RECORDED DATA.
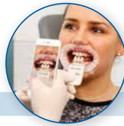
3. The DSA Holder is held up against the patient's teeth. 4. A digital photo is taken of the tooth and the shade samples.
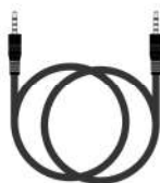
1 x 3.5mm AUX Cable
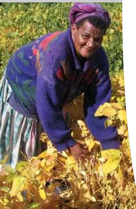
Checking the soya crop just before harvest time
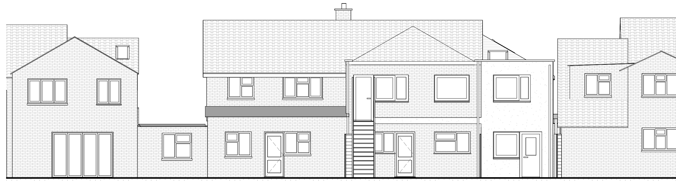
Street Rear Elevation, Proposed 1 : 100
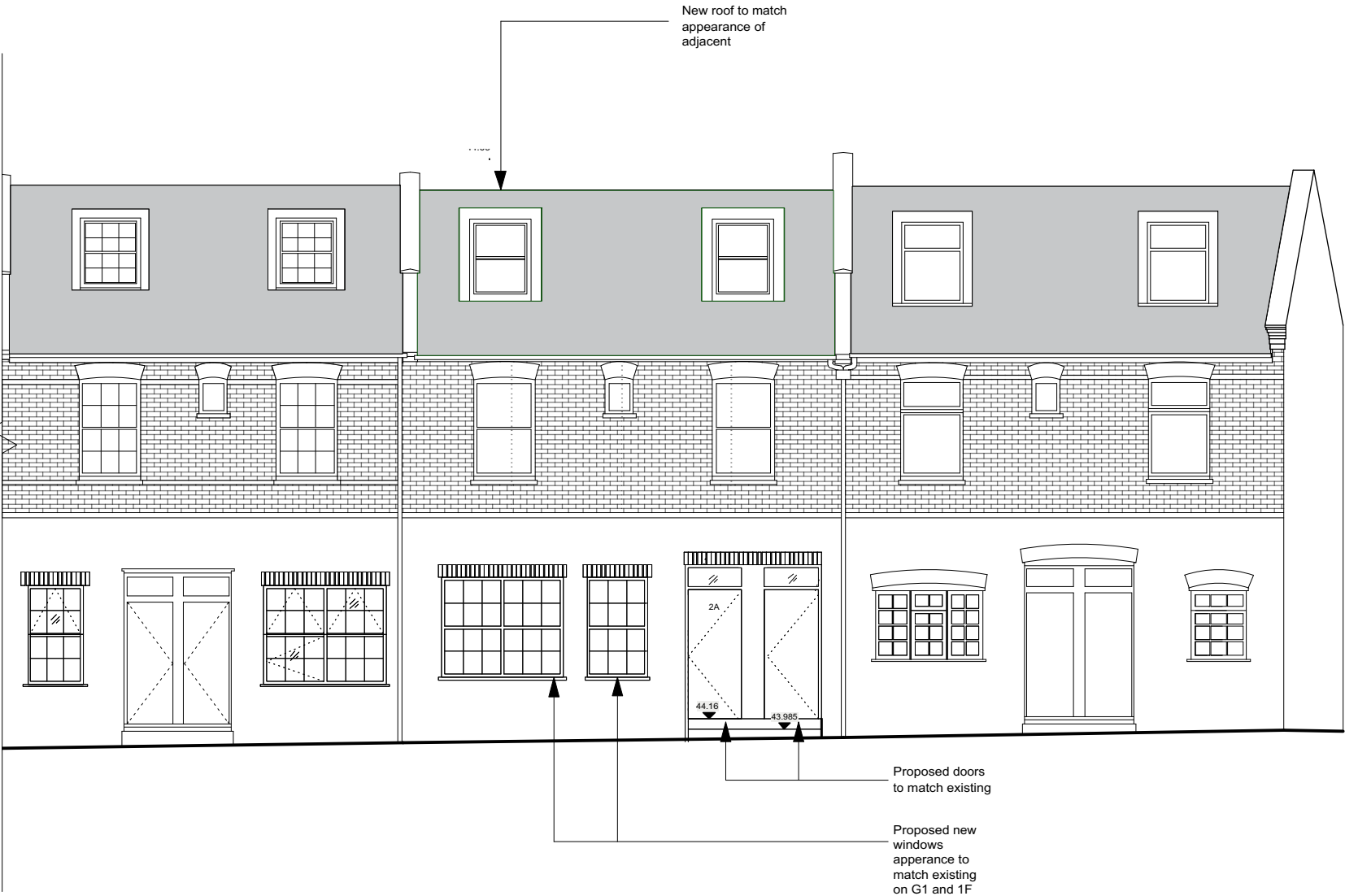
Proposed Front Elevation 1:100
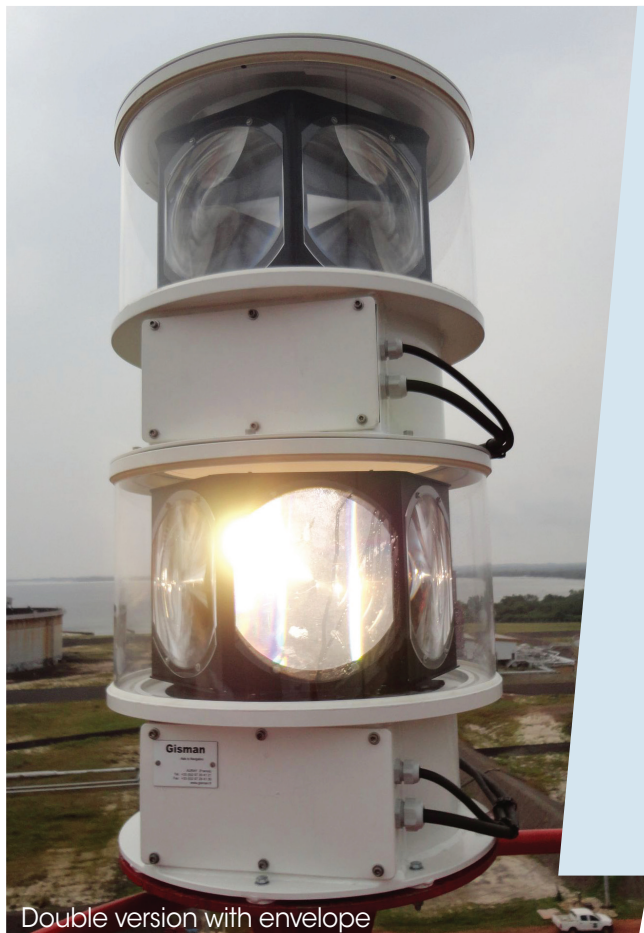
Double version with envelope

GISMAN rotating beacon GFT-200 is a revolving lantern intended for long range beaconing. This lantern is ideal for new lighthouses and for the refurbishment of existing equipment. It can achieve up to 25NM range @ 0.74T.
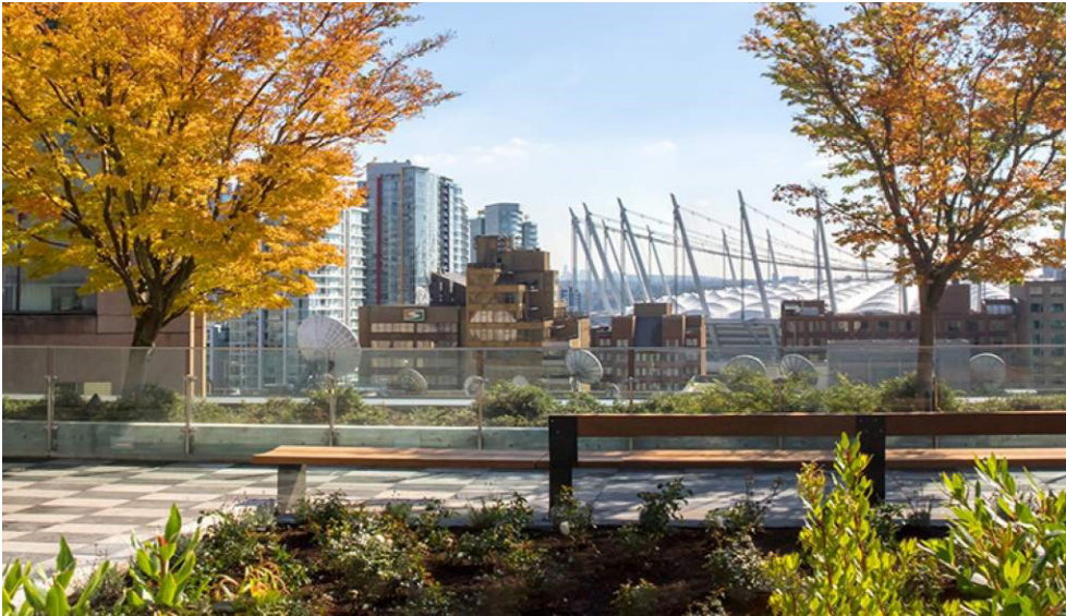
Phillips, Hager and North Garden (VPL Central Library), Vancouver, BC Vancouver Park Board

DIRECTIONS. Search the data for the word "Proposed" and copy each line where it appears.

YOUR RESPONSE.
Street Rear Elevation, Proposed 1 : 100
Proposed Front Elevation 1:100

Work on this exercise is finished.